There are two blocks that have equal mass m, they are connected by a spring (with a coefficient of elasticity k) that has length l0.

Instantly on the left block a force F begins to act. What will be the min. and max. length of this spring during this movement.

There is no friction

## Homework Equations

Newton's second law

F=kx

Eventually kx

^{2}/2

And that's all i figured out

## The Attempt at a Solution

I know that answer is l0-F/k and l0 (confirmed answer), but i don't know how it actually happened. (I actually know where does l0 in the elongation comes from :P)

These are 3 ideas on how to solve it.

(N = Tension)

1st. From the 2nd law (let's call these m1 and m2 to make it easier, for me at least)

m1⋅a=F-N and m2⋅a = N ---> a=N/m2

m1⋅N/m2 = F - N

m1⋅N= F⋅m2-m2⋅N ---> N=F⋅m2/(m1+m2)

Now because N = F·m2/(m1 + m2)

Then shortened spring will be x = N/k = F·m2 / (k·(m1 + m2))

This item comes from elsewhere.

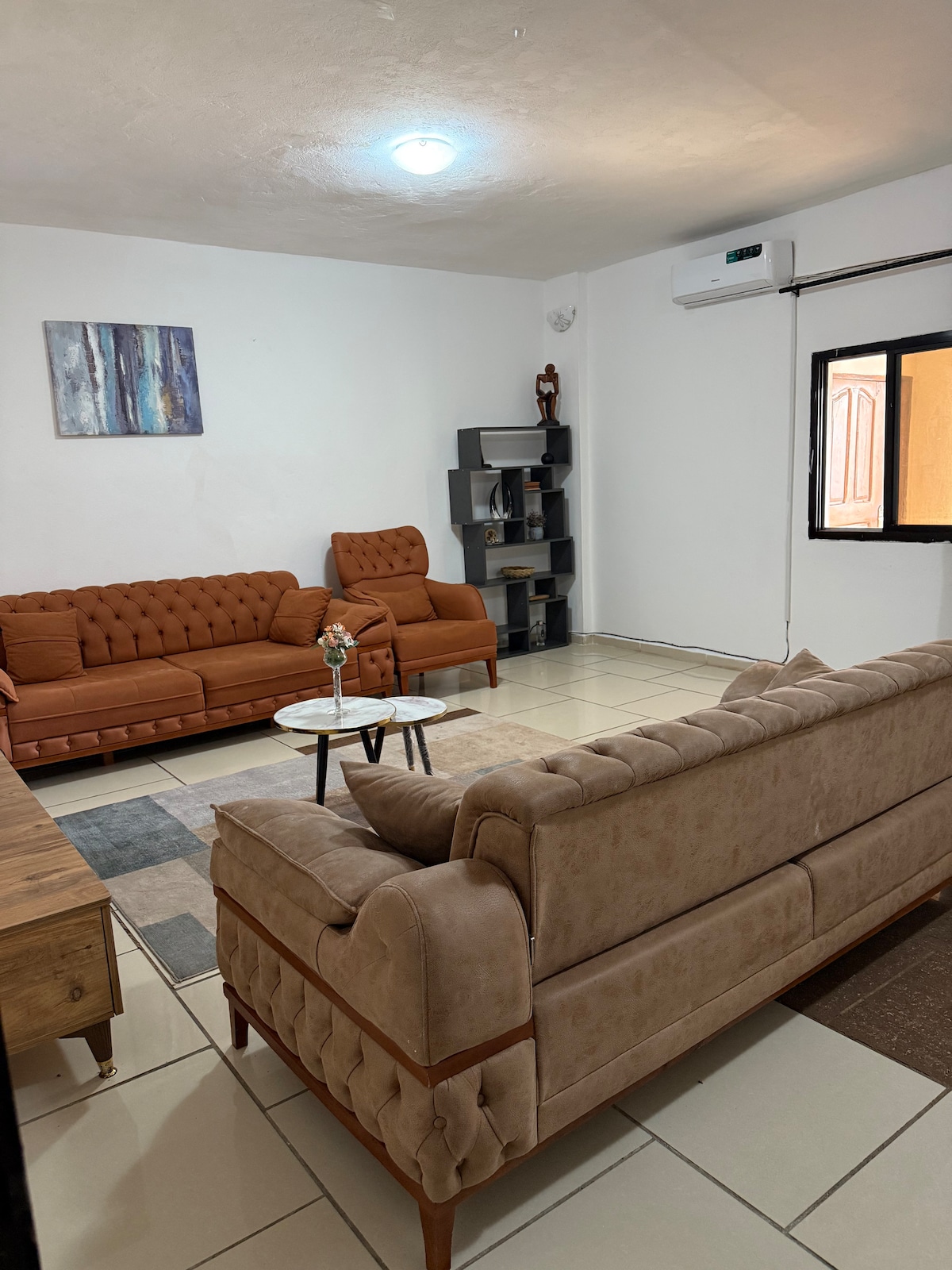 Détendez-vous dans ce logement calme et élégant à lansanyah-barage.,Située 5 minutes a pied au bord de la grande route principale, d'un centre commerciale, d'un marché, une pompe essence total etc.

Therefore length L = l0 - x =

**l0 - F·m2 / (k·(m1 + m2))**so it's actually l0 - Fm / k⋅2m therefore it's l0 - F/km

2nd (It's actually not mine idea)

F= kx

^{2}/2

F1=ma

kx=m2a2

N=m2a2

m1a1-N = F, a=N/m

F=2N

x = N/k = 2F/k

l=l0 - x = L0 - 2F/k

3rd

I thought something about centre of mass, but it's not a very highly developed idea, i don't even know how to describe it.

Forgive me for any language mistakes